Tutto si svolge e si compie in un secolo esatto: tra la pubblicazione del Tractatus theologico-politicus (1670) di Spinoza e quella del Système de la nature (1770) del barone d’Holbach. Due opere che segnano l’alba e il tramonto di un’epoca, quando cioè la ribellione contro la teologia, forse sempre latente nella cultura occidentale, si dà una nuova veste filosofica, acquisendo finalmente piena visibilità e coscienza di sé. Se infatti prima di Spinoza l’ateo sembrava una chimera, della cui esistenza si poteva perfino dubitare, dopo d’Holbach non sarà più così, poiché da lì in avanti saranno molti i filosofi a proclamarsi atei.

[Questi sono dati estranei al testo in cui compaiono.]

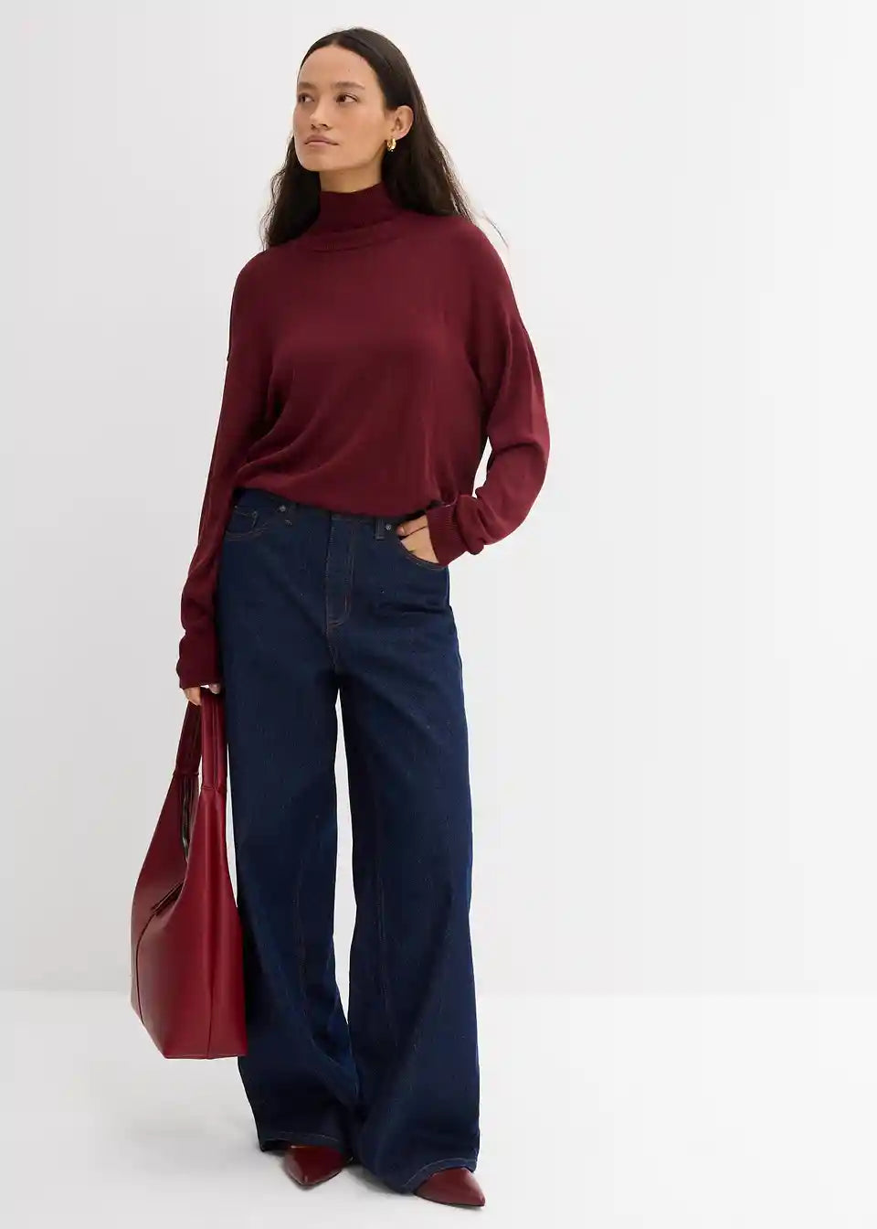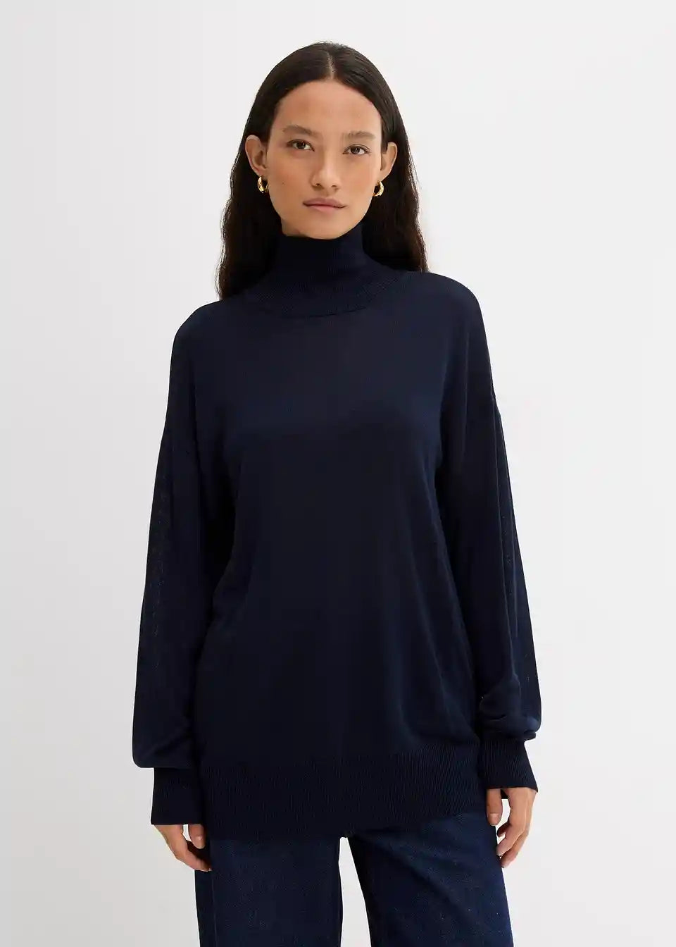 Bequem geschnittener Feinstrickpullover mit Rollkragen

Con d’Holbach però, che è il primo a definirsi con orgoglio ateo, la parabola dell’ateismo moderno si conclude e la filosofia europea va ormai in altre direzioni.

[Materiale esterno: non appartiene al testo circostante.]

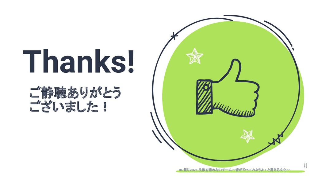 XP祭り2021 失敗を恐れないチーム〜皆がやってみようよ!と言える文化〜 Thanks! 49 ご静聴ありがとう ございました!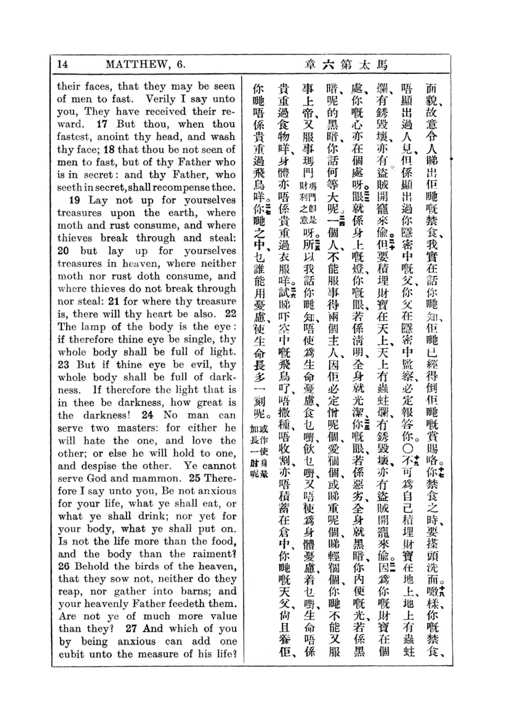 1927年新约全书(中英对照) 马太福音 6 章 17 节到 6 章 27 节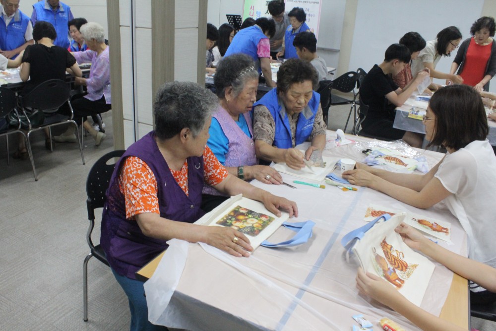 어르신들께서는 평소 친하게 지내시는 어르신들께 냅킨아트를 배워보니 더욱 재미있고,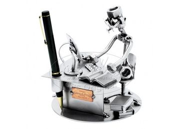 БУХГАЛТЕРСувенирная продукция немецкой фирмы HINZ&KUNST в стиле Hi-Tech, сделана с помощью лазера из металла, который не подвергается коррозии и не темнеет. Дизайнер коллекции - Гюнтер Шольц. Уникальность этой продукции заключается в том, что дизайнеру удалось с юмором воплотить в металле сцены из жизни. None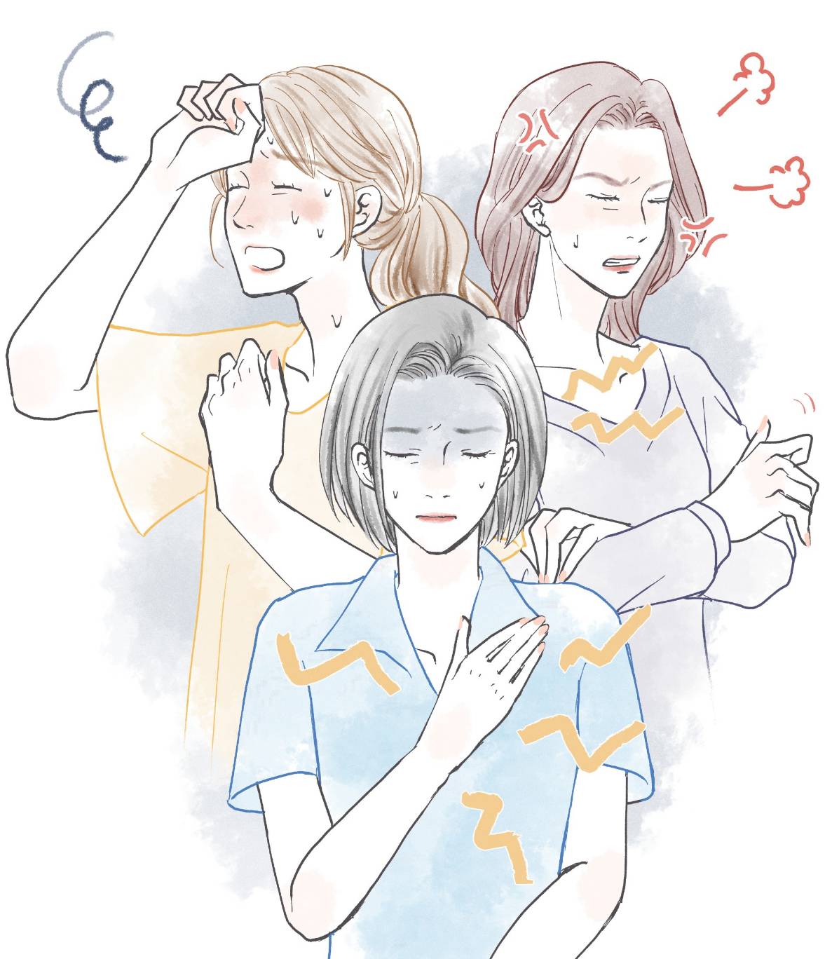 私も一年前は皆様と同じ様に以下の症状で悩み、イライラしたりため息まじりの毎日を送っていました。

Vera e propria «meteora della modernità», l’ateismo filosofico ha comunque una sua storia che Mori considera giustamente «non indegna di essere raccontata». Ma che non era per niente semplice ricostruire, trattandosi appunto di un fenomeno piuttosto sfuggente, se non altro «per le strategie di occultamento di sé e dei propri pensieri» che i protagonisti sono costretti ad attuare per scongiurare il pericolo quanto mai concreto di essere perseguitati e di subire pene assai severe. A complicare ulteriormente la questione contribuisce poi il fatto che nel XVII secolo e fino ai primi decenni di quello successivo è pressoché impossibile trovare un filosofo che si autodefinisca “ateo”. Anzi, quasi tutti i liberi pensatori più vicini all’ateismo, stando almeno alle loro esplicite affermazioni, si presentano come buoni cristiani, e anche quando scrivono clandestinamente preferiscono altri appellativi. Tanto più che ciò avveniva non solo per comprensibili ragioni di prudenza, ma anche per le connotazioni infamanti di cui il termine “ateo” era carico e che suscitavano disprezzo sia teorico sia morale. Non stupisce allora che in età moderna l’ateo, a prescindere da ogni possibile dissimulazione, non si consideri affatto tale.
Ecco perché la storia dell’ateismo moderno è attraversata da tanti paradossi. Il primo è quello di Spinoza che lo inaugura scrivendo un’opera, il Tractatus, con cui si proponeva di difendersi proprio da quanti lo avevano accusato di ateismo ancor prima che il suo pensiero fosse reso pubblico. E qualche anno dopo sarà la volta di Pierre Bayle, che nei Pensieri diversi sulla cometa (1682) baserà su un altro paradosso – quello cioè dell’ateo che può essere virtuoso soltanto andando contro i suoi stessi principi – «la prima sostanziale apologia dell’ateismo che la storia moderna abbia conosciuto».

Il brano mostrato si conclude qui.